Under this line are the records; repeat exactly the lines starting at the one containing "BJP Borivali Constituency" and ending at the one containing "Ontkoppel je van", omitting pictures.

● Data shown:
* * *
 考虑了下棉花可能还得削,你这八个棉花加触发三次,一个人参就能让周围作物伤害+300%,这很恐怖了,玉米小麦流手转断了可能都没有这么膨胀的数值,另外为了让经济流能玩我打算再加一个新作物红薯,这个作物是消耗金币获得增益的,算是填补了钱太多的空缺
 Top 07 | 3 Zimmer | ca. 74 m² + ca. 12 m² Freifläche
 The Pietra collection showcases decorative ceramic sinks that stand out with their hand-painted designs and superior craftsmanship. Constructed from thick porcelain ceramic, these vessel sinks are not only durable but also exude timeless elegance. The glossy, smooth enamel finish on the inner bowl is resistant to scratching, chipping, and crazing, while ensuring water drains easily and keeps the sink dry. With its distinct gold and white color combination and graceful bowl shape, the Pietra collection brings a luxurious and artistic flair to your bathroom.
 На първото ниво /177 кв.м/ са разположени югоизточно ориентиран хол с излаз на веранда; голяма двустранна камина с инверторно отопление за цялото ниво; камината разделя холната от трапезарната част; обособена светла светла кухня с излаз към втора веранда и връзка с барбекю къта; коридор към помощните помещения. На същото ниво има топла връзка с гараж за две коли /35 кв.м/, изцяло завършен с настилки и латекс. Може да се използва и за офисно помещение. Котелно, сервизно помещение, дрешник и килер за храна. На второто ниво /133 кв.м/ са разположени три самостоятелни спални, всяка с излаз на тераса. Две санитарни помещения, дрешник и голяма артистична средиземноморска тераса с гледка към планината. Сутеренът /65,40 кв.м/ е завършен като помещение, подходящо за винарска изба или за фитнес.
* * *
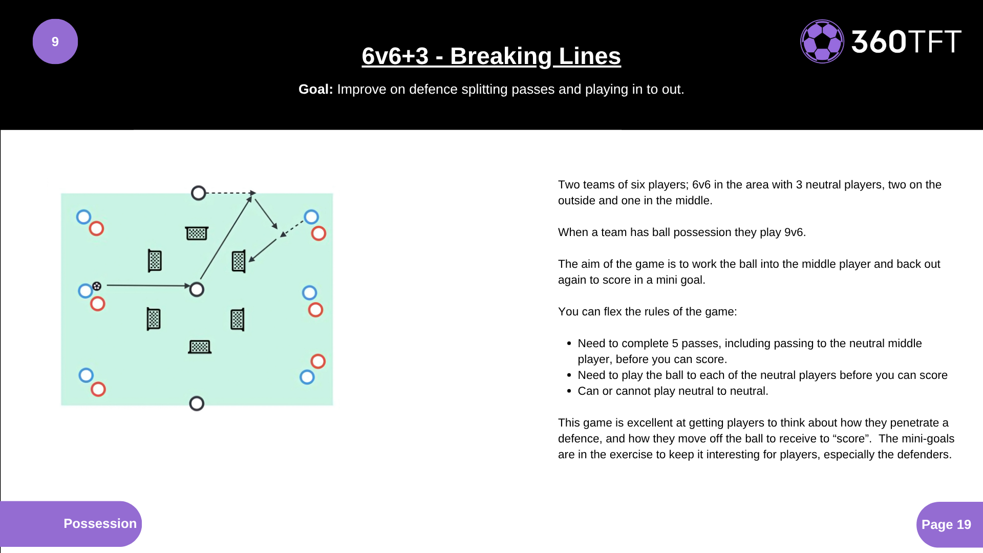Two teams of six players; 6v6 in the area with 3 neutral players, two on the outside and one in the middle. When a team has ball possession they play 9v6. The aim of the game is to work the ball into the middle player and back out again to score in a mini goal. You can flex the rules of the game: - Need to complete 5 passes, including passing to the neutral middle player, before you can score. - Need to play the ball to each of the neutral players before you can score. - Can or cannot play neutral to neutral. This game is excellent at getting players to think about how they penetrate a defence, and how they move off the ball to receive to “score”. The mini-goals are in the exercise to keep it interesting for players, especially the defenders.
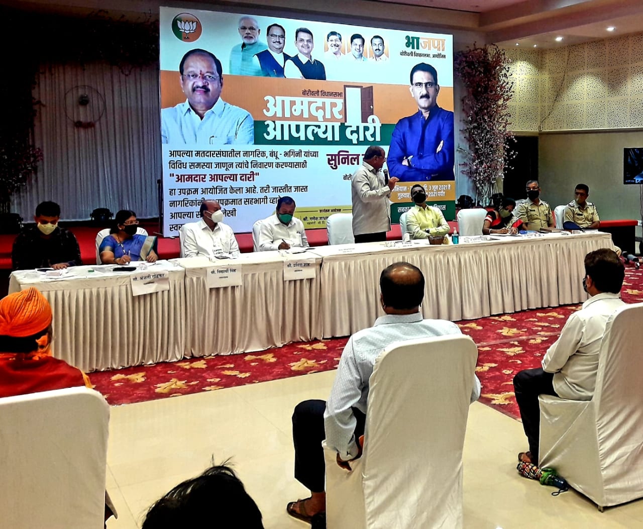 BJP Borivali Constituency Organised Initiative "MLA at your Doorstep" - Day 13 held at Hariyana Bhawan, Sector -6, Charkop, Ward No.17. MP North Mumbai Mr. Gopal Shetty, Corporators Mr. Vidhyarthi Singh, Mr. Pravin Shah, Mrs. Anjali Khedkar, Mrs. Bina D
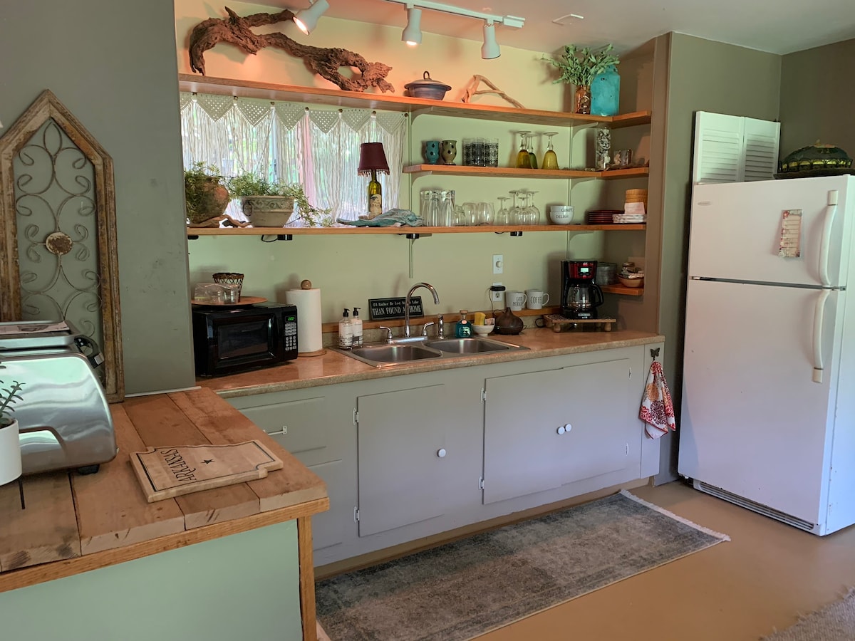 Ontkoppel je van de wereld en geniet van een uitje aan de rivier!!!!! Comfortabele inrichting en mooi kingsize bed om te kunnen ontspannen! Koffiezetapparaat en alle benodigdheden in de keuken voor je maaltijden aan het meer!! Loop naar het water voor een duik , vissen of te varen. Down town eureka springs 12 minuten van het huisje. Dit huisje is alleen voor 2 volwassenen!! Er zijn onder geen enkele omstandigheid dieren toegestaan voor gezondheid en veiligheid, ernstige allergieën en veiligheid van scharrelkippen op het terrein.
* * *
● Answer to this problem:
 BJP Borivali Constituency Organised Initiative "MLA at your Doorstep" - Day 13 held at Hariyana Bhawan, Sector -6, Charkop, Ward No.17. MP North Mumbai Mr. Gopal Shetty, Corporators Mr. Vidhyarthi Singh, Mr. Pravin Shah, Mrs. Anjali Khedkar, Mrs. Bina D
 Ontkoppel je van de wereld en geniet van een uitje aan de rivier!!!!! Comfortabele inrichting en mooi kingsize bed om te kunnen ontspannen! Koffiezetapparaat en alle benodigdheden in de keuken voor je maaltijden aan het meer!! Loop naar het water voor een duik , vissen of te varen. Down town eureka springs 12 minuten van het huisje. Dit huisje is alleen voor 2 volwassenen!! Er zijn onder geen enkele omstandigheid dieren toegestaan voor gezondheid en veiligheid, ernstige allergieën en veiligheid van scharrelkippen op het terrein.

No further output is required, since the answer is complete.